PROVIDED DATA:

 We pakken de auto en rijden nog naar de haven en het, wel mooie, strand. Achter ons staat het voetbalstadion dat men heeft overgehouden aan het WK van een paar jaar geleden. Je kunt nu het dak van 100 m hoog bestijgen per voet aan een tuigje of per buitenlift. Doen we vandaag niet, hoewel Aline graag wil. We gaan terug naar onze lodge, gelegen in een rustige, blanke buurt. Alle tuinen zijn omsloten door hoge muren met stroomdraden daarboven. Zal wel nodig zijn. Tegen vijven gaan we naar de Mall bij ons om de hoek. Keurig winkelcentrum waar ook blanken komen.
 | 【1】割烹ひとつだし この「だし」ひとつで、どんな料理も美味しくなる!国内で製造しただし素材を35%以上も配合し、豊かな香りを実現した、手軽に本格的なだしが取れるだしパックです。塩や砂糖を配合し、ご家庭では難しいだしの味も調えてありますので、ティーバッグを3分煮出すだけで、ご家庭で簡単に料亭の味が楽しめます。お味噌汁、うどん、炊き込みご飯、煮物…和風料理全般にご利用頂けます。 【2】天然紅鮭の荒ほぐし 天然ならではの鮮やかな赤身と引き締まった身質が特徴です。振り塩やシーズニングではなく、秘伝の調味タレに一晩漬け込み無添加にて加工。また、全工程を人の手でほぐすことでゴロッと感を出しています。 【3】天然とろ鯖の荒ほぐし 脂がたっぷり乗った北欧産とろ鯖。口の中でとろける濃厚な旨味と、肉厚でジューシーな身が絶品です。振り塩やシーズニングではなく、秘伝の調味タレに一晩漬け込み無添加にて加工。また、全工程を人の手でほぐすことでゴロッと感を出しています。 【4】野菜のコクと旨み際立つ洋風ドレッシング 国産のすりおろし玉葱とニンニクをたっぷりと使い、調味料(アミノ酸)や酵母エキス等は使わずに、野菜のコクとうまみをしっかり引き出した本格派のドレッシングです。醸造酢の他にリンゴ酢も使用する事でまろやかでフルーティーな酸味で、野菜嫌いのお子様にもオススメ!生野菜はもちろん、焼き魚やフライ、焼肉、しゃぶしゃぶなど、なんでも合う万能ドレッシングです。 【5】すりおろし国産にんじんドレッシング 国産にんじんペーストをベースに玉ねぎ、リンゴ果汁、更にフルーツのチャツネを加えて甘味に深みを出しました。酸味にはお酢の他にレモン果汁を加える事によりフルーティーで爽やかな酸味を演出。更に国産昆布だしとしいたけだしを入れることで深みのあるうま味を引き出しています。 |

--

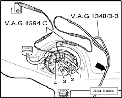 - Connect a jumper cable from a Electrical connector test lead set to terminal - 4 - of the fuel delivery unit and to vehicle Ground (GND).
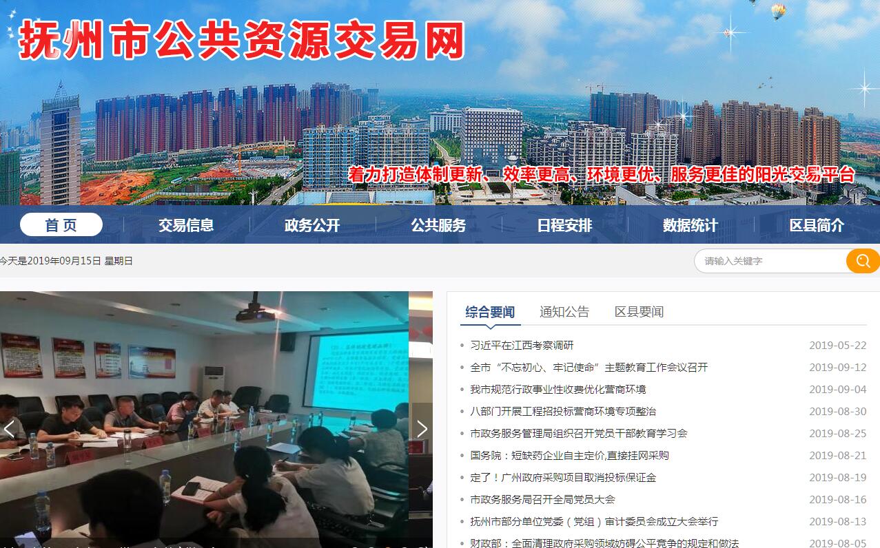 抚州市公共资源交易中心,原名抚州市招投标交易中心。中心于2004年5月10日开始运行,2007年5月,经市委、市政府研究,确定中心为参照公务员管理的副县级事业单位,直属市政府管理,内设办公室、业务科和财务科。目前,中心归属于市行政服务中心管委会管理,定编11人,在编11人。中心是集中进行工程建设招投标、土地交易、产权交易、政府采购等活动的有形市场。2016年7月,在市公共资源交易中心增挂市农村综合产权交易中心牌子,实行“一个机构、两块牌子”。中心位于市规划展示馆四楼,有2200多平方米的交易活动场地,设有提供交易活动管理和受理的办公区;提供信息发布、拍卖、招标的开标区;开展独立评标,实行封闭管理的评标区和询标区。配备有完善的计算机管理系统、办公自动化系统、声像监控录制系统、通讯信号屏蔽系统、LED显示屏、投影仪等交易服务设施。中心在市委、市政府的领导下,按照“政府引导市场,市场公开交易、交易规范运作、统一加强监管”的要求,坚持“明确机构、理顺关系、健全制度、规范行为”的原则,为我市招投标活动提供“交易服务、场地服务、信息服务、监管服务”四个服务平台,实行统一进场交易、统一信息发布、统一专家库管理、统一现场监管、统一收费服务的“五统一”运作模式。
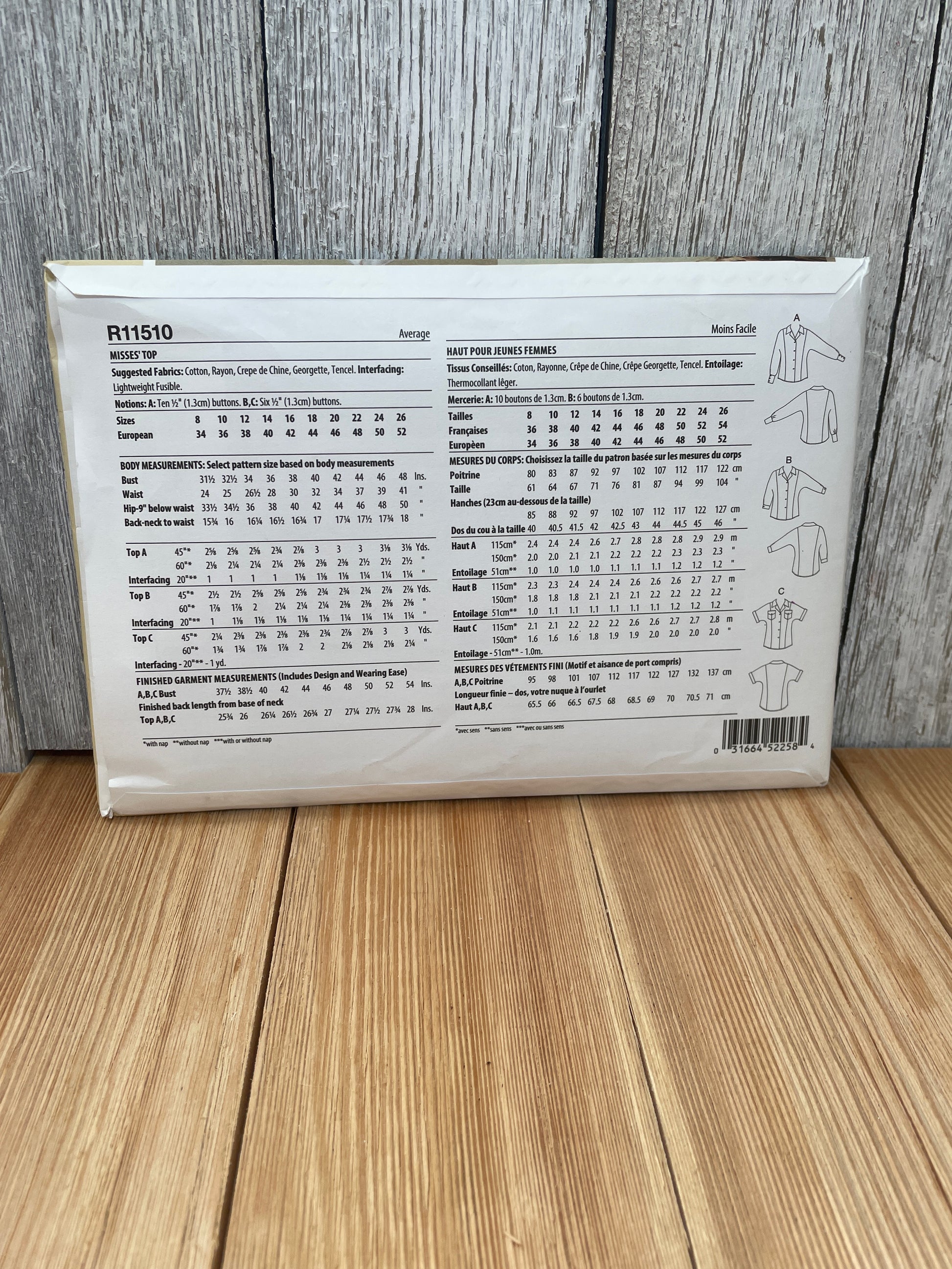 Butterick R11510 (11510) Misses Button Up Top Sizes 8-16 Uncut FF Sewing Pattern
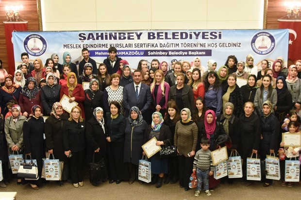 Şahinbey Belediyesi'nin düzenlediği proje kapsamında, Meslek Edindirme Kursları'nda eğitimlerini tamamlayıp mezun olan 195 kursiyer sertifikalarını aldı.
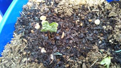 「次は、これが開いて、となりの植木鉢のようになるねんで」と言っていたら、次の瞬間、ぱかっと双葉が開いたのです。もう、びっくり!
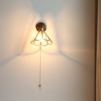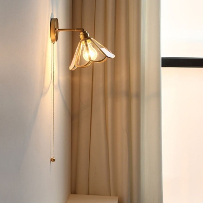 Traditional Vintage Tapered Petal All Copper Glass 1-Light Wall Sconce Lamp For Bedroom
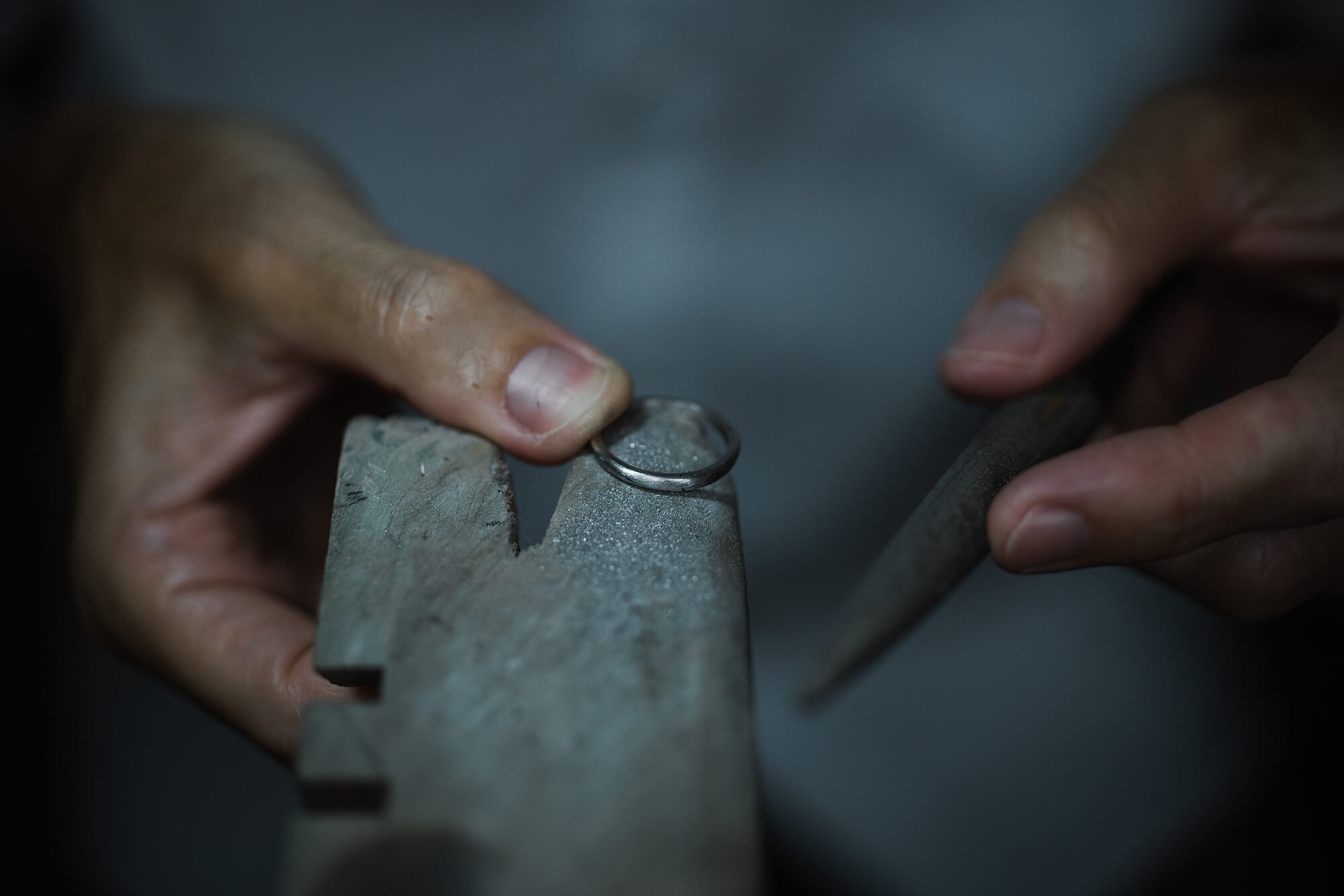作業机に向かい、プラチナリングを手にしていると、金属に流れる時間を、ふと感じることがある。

TASK INSTRUCTIONS: To complete this exercise, transcribe exactly the lines above from the one that holds "抚州市公共资源交易中心,原名" through the one that holds "Şahinbey Belediyesi'nin düzenlediği". Pictures stay out.

WRITTEN SOLUTION:
 抚州市公共资源交易中心,原名抚州市招投标交易中心。中心于2004年5月10日开始运行,2007年5月,经市委、市政府研究,确定中心为参照公务员管理的副县级事业单位,直属市政府管理,内设办公室、业务科和财务科。目前,中心归属于市行政服务中心管委会管理,定编11人,在编11人。中心是集中进行工程建设招投标、土地交易、产权交易、政府采购等活动的有形市场。2016年7月,在市公共资源交易中心增挂市农村综合产权交易中心牌子,实行“一个机构、两块牌子”。中心位于市规划展示馆四楼,有2200多平方米的交易活动场地,设有提供交易活动管理和受理的办公区;提供信息发布、拍卖、招标的开标区;开展独立评标,实行封闭管理的评标区和询标区。配备有完善的计算机管理系统、办公自动化系统、声像监控录制系统、通讯信号屏蔽系统、LED显示屏、投影仪等交易服务设施。中心在市委、市政府的领导下,按照“政府引导市场,市场公开交易、交易规范运作、统一加强监管”的要求,坚持“明确机构、理顺关系、健全制度、规范行为”的原则,为我市招投标活动提供“交易服务、场地服务、信息服务、监管服务”四个服务平台,实行统一进场交易、统一信息发布、统一专家库管理、统一现场监管、统一收费服务的“五统一”运作模式。
 Butterick R11510 (11510) Misses Button Up Top Sizes 8-16 Uncut FF Sewing Pattern
 Şahinbey Belediyesi'nin düzenlediği proje kapsamında, Meslek Edindirme Kursları'nda eğitimlerini tamamlayıp mezun olan 195 kursiyer sertifikalarını aldı.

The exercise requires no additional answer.